AI and satellites help aid workers respond to Myanmar earthquake damage
Just after sunrise on Saturday, a satellite set its long-range camera on the city of Mandalay in Myanmar, not far from the epicenter of Friday's 7.7 magnitude earthquake that devastated the Southeast Asian county's second-largest city.
The mission was to capture images that, combined with artificial intelligence technology, could help relief organizations quickly assess how many buildings had collapsed or were heavily damaged and where helpers most needed to go.
At first, the high-tech computer vision approach wasn't working.
'The biggest challenge in this particular case was the clouds,' said Microsoft's chief data scientist, Juan Lavista Ferres. 'There's no way to see through clouds with this technology.'
The clouds eventually moved and it took a few more hours for another satellite from San Francisco-based Planet Labs to capture the aerial pictures and send them to Microsoft's philanthropic AI for Good Lab. By then it was already about 11 p.m. Friday at Microsoft headquarters in Redmond, Washington. A group of Microsoft workers was ready and waiting for the data.

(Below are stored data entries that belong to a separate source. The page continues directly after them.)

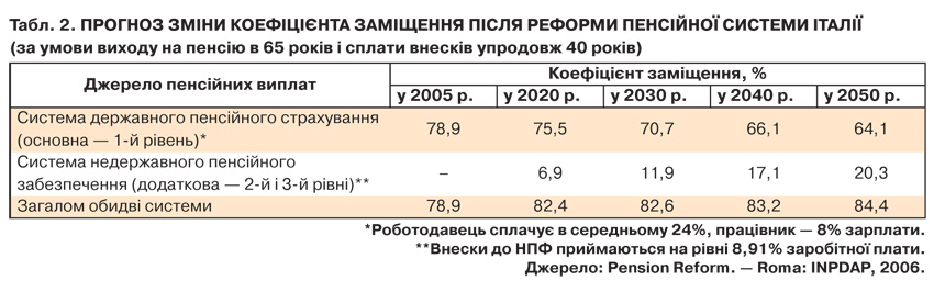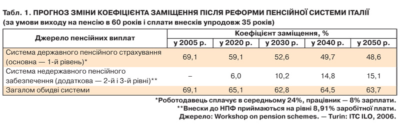 Реформуванню пенсійних систем в європейських країнах передують багаторічні дискусії, що супроводжуються доступними для населення розрахунками і рекомендаціями експертів, які базуються на результатах досліджень державних і неурядових установ. Критерій ефективності (кількісний вираз мети) реформування пенсійних систем вимірюється коефіцієнтом заміщення (КЗ) заробітку пенсійними виплатами з усіх джерел або "рівнів". За величиною КЗлюдина може визначити, наскільки зміниться її дохід, а відтак, і добробут, коли вона вийде на пенсію. Наприклад, якщо заробіток до виходу на пенсію становив 2000 євро, а пенсія - 1200 євро, то КЗ дорівнює 60%. У цивілізованих країнах намагаються зберегти КЗна рівні 65–75%, тоді як його зменшення до 40% вважається загрозою економічній безпеці пенсіонера і держави. Так, в Італії реформа, що розпочалась у 1992 р. та триває й понині, супроводжується наведеними нижче розрахунками.
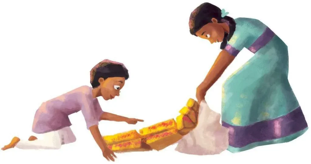 قَالَتْ الْأُمُ: لَقَدْ كَانَ ذَلِكَ سَرِيعًا! هَلْ أَنْتُمْ مُتَأَكِدُونَ أَنَّ لَدَيْنَا مَا يَكُفِي الْجَمِيعَ؟ قَالَ دُودُو : نَعَمْ يَا أُمِي. أَنَا مُتَأَكِّدٌ جِدًّا جِدًّا. و…جَائِعٌ جِدًّا جِدًّا جِدًّا.
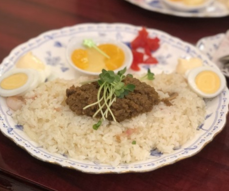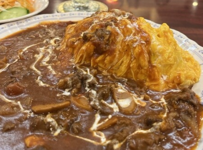ピラフの上にかけられたカレーは、程よい辛さと深い味わいが特徴。ゆで卵のスライスとマヨネーズで甘辛のバランスを調整し、繰り返し食べたくなる美味しさが広がります。まさに定番ランチにぴったりな一品。

The AI for Good lab has done this kind of AI-assisted damage assessment before, tracking the flooding that devastated Libya in 2023 or this year's wildfires in Los Angeles. But rather than rely on a standard AI computer vision model that could run any visual data, they had to build a customized version specific to Mandalay.
'The Earth is too different, the natural disasters are too different and the imagery we get from satellites is just too different to work in every situation,' Lavista Ferres said. For instance, he said, while fires spread in fairly predictable ways, 'an earthquake touches the whole city' and it can be harder to know in the immediate aftermath where help is needed.
Once the AI analysis was complete, it showed 515 buildings in Mandalay with 80% to 100% damage and another 1,524 with between 20% and 80% damage. That showed the widespread gravity of the disaster, but, just as important, it helps pinpoint specific locations of damage.
'This is critical information for teams on the ground,' Lavista Ferres said.